▶ LISTED ENTRIES:
_ _ _ _ _
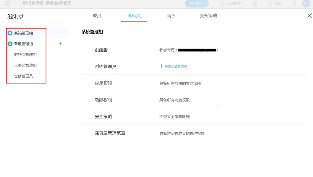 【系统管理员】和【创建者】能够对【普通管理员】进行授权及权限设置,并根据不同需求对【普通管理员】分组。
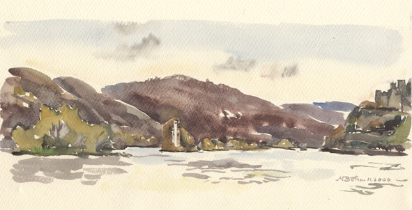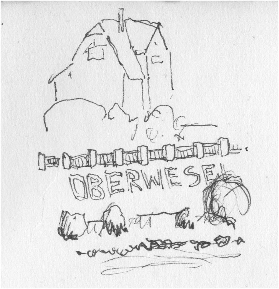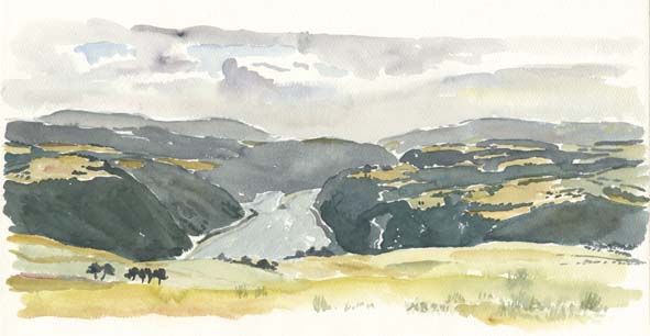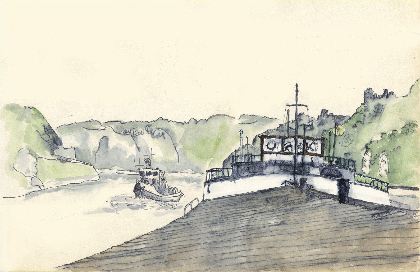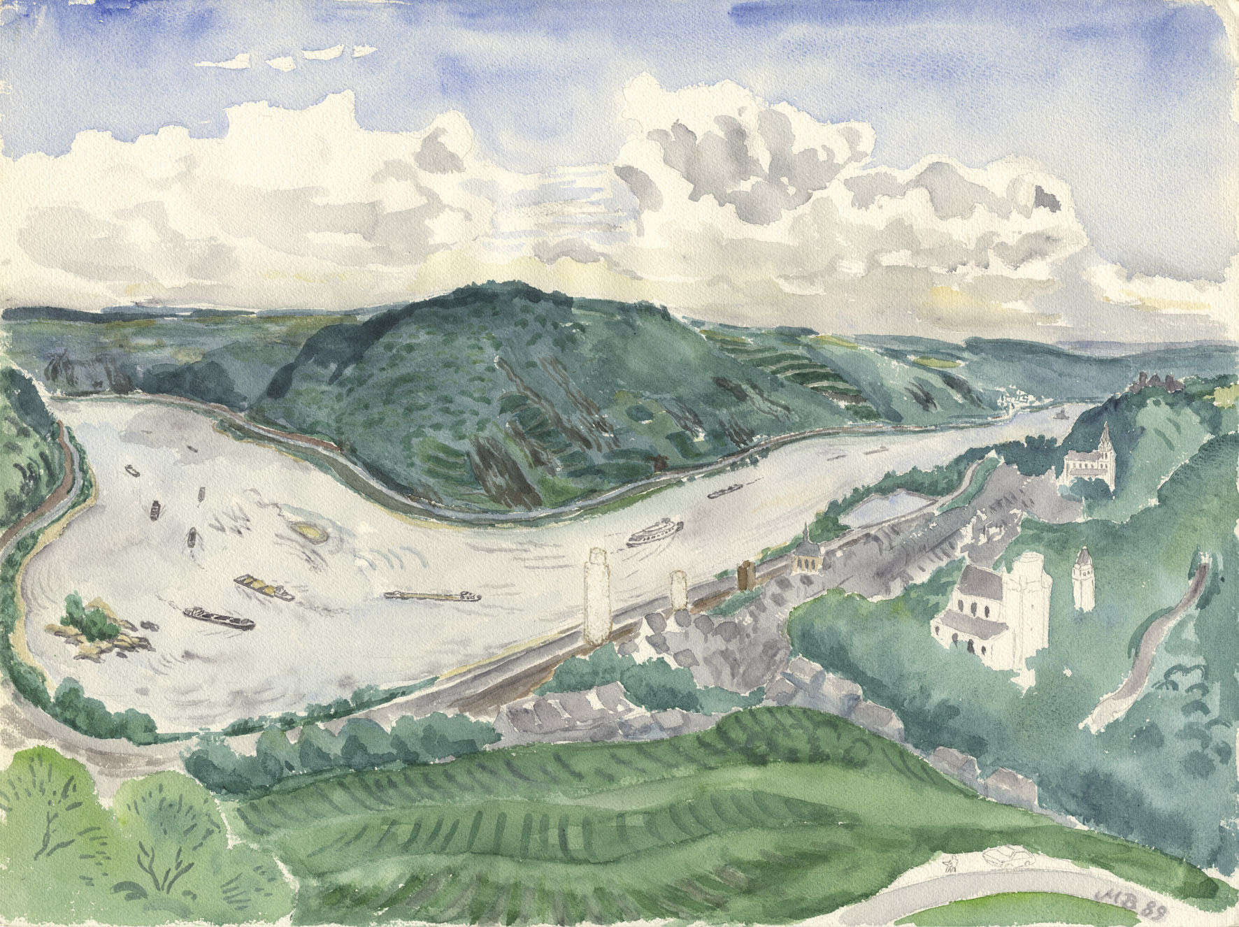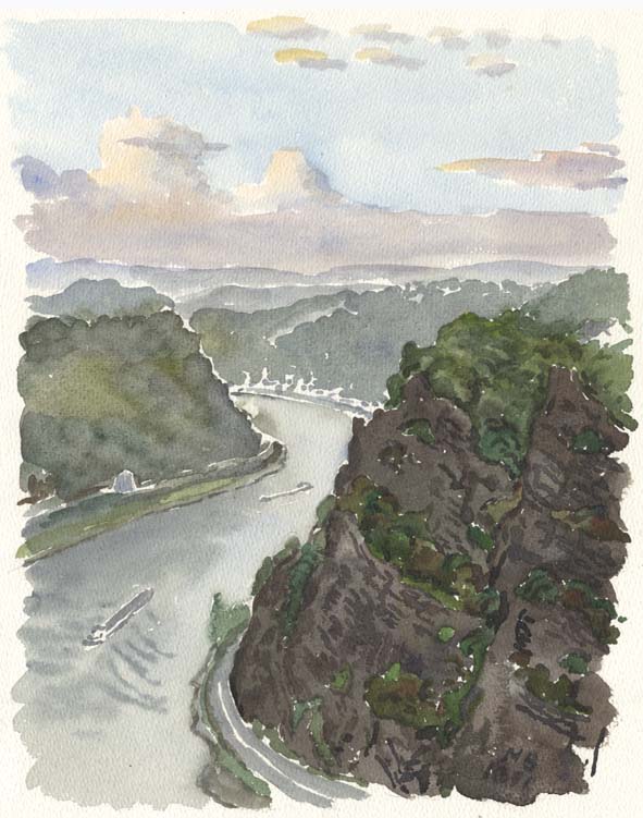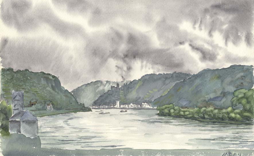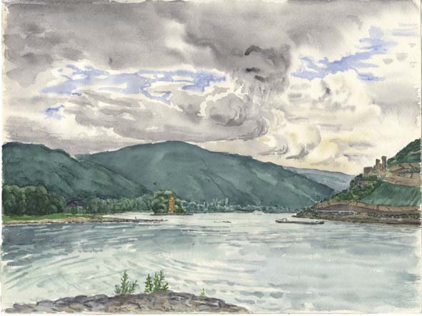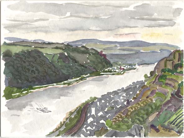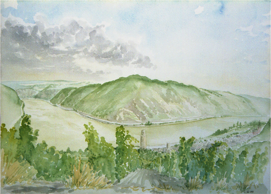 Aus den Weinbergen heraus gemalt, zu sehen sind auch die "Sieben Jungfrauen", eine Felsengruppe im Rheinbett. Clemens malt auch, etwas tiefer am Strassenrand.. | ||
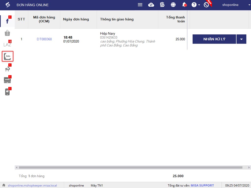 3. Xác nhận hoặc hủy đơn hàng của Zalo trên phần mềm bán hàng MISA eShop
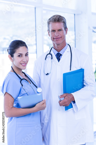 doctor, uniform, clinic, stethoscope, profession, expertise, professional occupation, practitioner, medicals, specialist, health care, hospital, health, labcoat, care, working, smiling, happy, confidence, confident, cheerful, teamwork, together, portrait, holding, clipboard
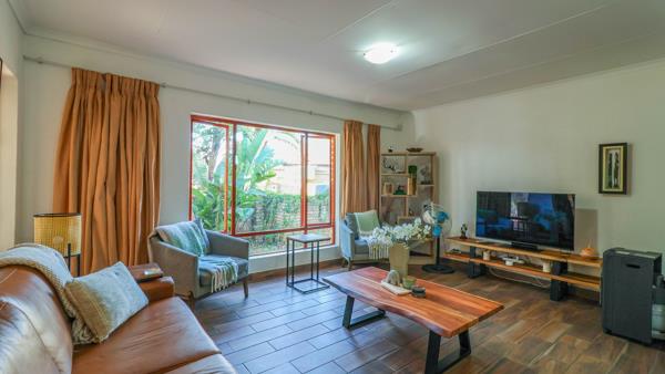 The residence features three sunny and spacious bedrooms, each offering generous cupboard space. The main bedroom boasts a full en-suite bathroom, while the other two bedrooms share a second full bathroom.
_ _ _ _ _
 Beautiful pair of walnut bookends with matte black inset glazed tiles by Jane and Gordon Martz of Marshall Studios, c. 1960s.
_ _ _ _ _
▶ WHAT THE EXERCISE ASKS: Within the listing above, write out the stretch from the line with "portrait, holding, clipboard" through the line with "The residence features" exactly. Any pictures are to be left out.

▶ OUTPUT FOR THIS EXERCISE:
 doctor, uniform, clinic, stethoscope, profession, expertise, professional occupation, practitioner, medicals, specialist, health care, hospital, health, labcoat, care, working, smiling, happy, confidence, confident, cheerful, teamwork, together, portrait, holding, clipboard
 The residence features three sunny and spacious bedrooms, each offering generous cupboard space. The main bedroom boasts a full en-suite bathroom, while the other two bedrooms share a second full bathroom.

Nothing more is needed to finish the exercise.